## What the task asks
From the first line of the data below through the line holding "Rote Rosen Florale", output each line exactly and leave the pictures out.
══ Supplied information ══
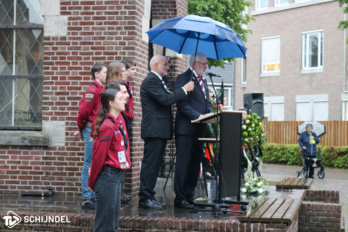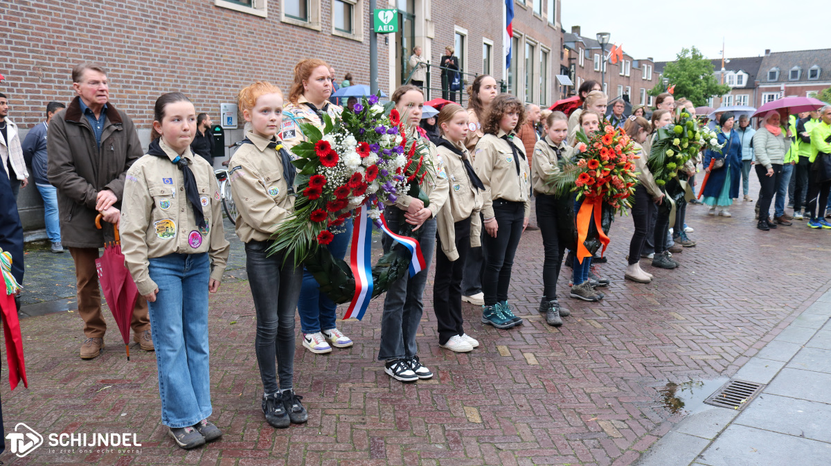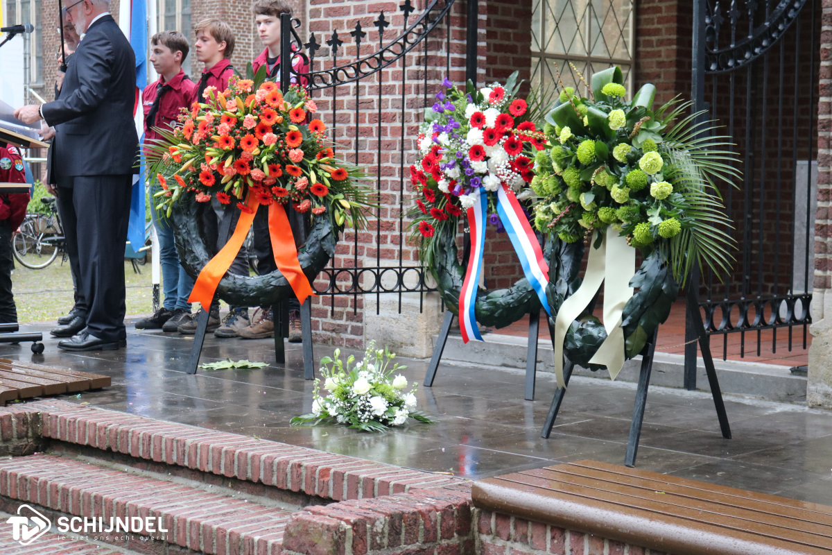 De kranslegging werd begeleid door scouting Schijndel. Hierbij bracht de Drumfanfare muziek ten gehore en bracht het Gilde een vaandelgroet. Maud las haar gedicht voor, wethouder Goijaarts hield de gemeentelijke toespraak. Na het taptoe signaal was er om acht uur 2 minuten een regenachtige stilte te horen. Dit werd gevolgd door het Wilhelmus.
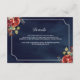 Rote Rosen Florale Navyblaue Hochzeitsdetails Begleitkarte
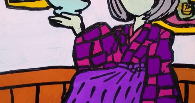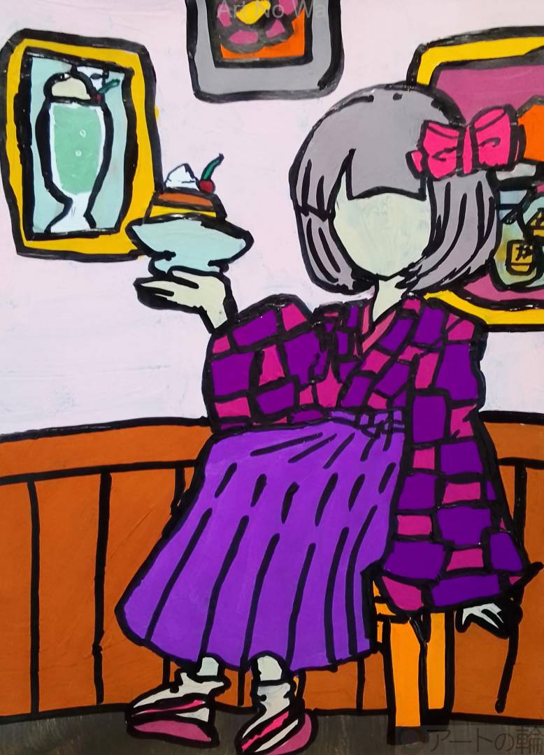 昭和や大正などのデザートを満喫している袴の女性を描いてみました。
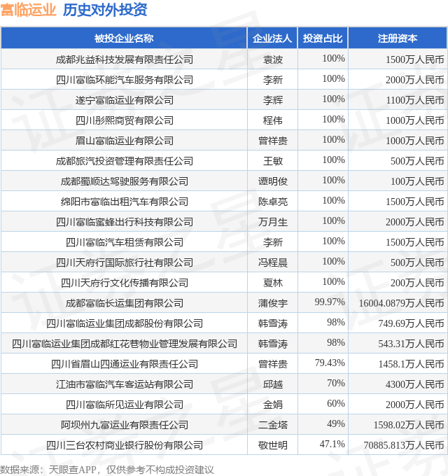 证券之星消息,根据天眼查APP显示,富临运业(002357.SZ)新增一起对外投资事件,被投资公司为四川富临所见运业有限公司,法定代表人金娟,投资占比为60%。该公司从事商务服务业,注册资本为2000万人民币。目前,富临运业共存在对外投资24项,投资占比前20的项目见下表:
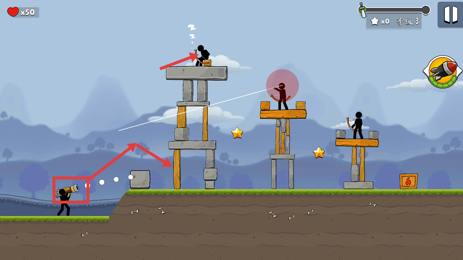 4、操作逻辑直观易懂,通过拉动火柴人即可锁定发射路线,松开瞬间完成射击,无需复杂操作记忆,新手也能快速上手。
═══
## Answer to this problem
 De kranslegging werd begeleid door scouting Schijndel. Hierbij bracht de Drumfanfare muziek ten gehore en bracht het Gilde een vaandelgroet. Maud las haar gedicht voor, wethouder Goijaarts hield de gemeentelijke toespraak. Na het taptoe signaal was er om acht uur 2 minuten een regenachtige stilte te horen. Dit werd gevolgd door het Wilhelmus.
 Rote Rosen Florale Navyblaue Hochzeitsdetails Begleitkarte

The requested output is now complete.